### Given information

···

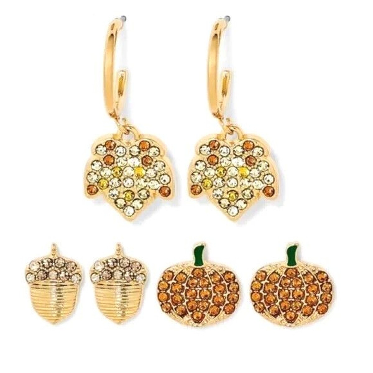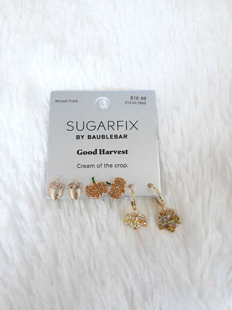 SUGAR FIX Good Harvest Cream of the Crop ~ 3 Pair Earring Set ~ NEW!!! Celebrate the fall season with the SUGARFIX by BaubleBar Fall Harvest Earrings. This triple earring set features an assortment of fall-themed motifs, including an acorn, a pumpkin, and a leaf. These are sure to make everyone smile. Wear with all of your everyday outfits this season and be prepared for plenty of compliments. Dimensions (Overall): 1.12 Inches (L), .49 Inches (W) Comes with three pairs of earrings Surgical steel posts for durability Post back closures on studs and hinge closure on huggies keep earrings comfortably in place Earrings are lightweight for easy, all-day wear Design makes earrings wearable for day or evening Earrings are nickel-free for sensitive ears
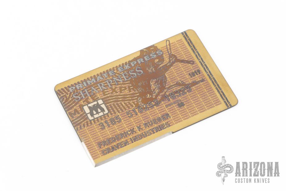 Primate Express Titanium Card Blade by Mummert Knives. Has Fiber Laser Color and Deep Etch. Tungsten carbide edge, RC 72. New Condition.
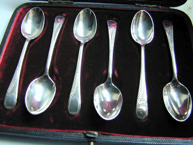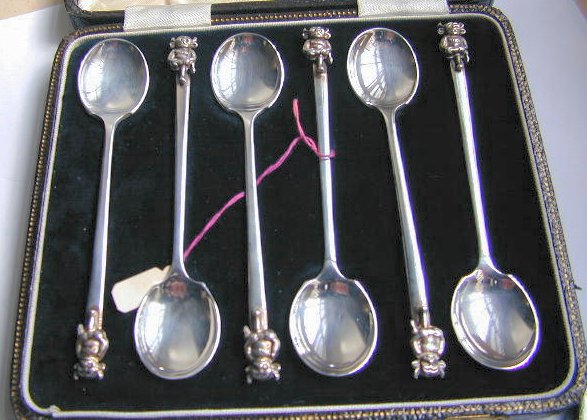 A silver spoon set.  Click here to see a close-up of one of the spoons, and click here to see a close-up of the hallmarks.
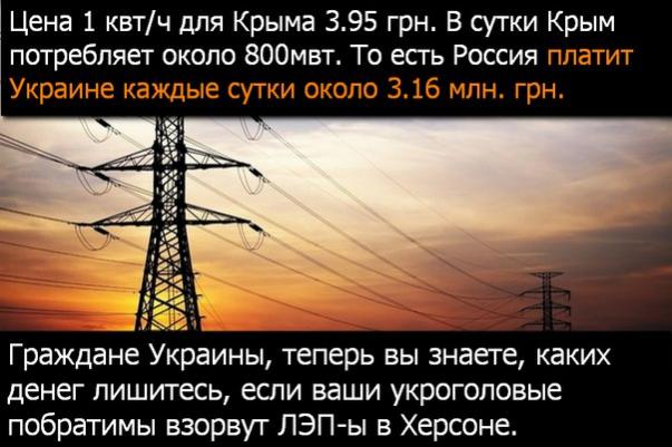 Сегодня началась блокада. Узнав на базаре эту новость, я летела домой как на крыльях. Вбежала домой и крикнула: «Украина блокировала Крым! Скоро нам нечего будет жрать!!!» Мать села на стул и заплакала. Отец встал, посмотрел на висевший на стене портрет нашего президента и сказал: «Я верил! Я знал! Родина нас не забыла!!!» Лежащий на диване дедуля прошептал: «Дождались», - по его щеке стекла скупая слеза. Андрейка заныл: «И шо, йогуртов теперь не будет?!», - но папаня дал ему подзатыльник и он замолк.
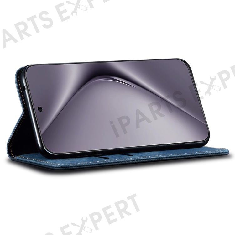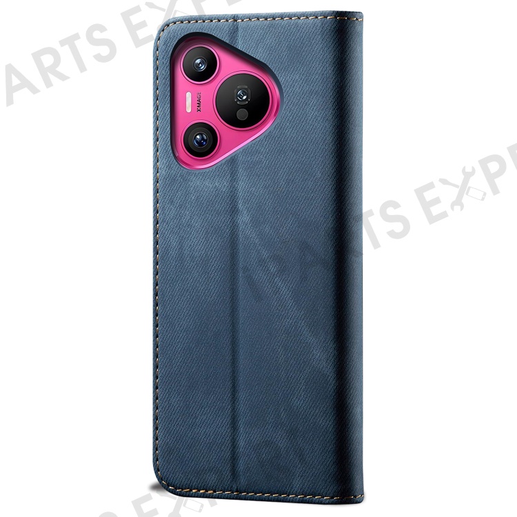 For Huawei Pura 70 Pro / Pura 70 Pro+ Case Leather Wallet Phone Cover Jeans Cloth Texture - Blue

···

### Exercise details
Beginning with the line with "Primate Express Titanium", repeat the entries above exactly, up to and including the last line, leaving out pictures.

### Output
 Primate Express Titanium Card Blade by Mummert Knives. Has Fiber Laser Color and Deep Etch. Tungsten carbide edge, RC 72. New Condition.
 A silver spoon set.  Click here to see a close-up of one of the spoons, and click here to see a close-up of the hallmarks.
 Сегодня началась блокада. Узнав на базаре эту новость, я летела домой как на крыльях. Вбежала домой и крикнула: «Украина блокировала Крым! Скоро нам нечего будет жрать!!!» Мать села на стул и заплакала. Отец встал, посмотрел на висевший на стене портрет нашего президента и сказал: «Я верил! Я знал! Родина нас не забыла!!!» Лежащий на диване дедуля прошептал: «Дождались», - по его щеке стекла скупая слеза. Андрейка заныл: «И шо, йогуртов теперь не будет?!», - но папаня дал ему подзатыльник и он замолк.
 For Huawei Pura 70 Pro / Pura 70 Pro+ Case Leather Wallet Phone Cover Jeans Cloth Texture - Blue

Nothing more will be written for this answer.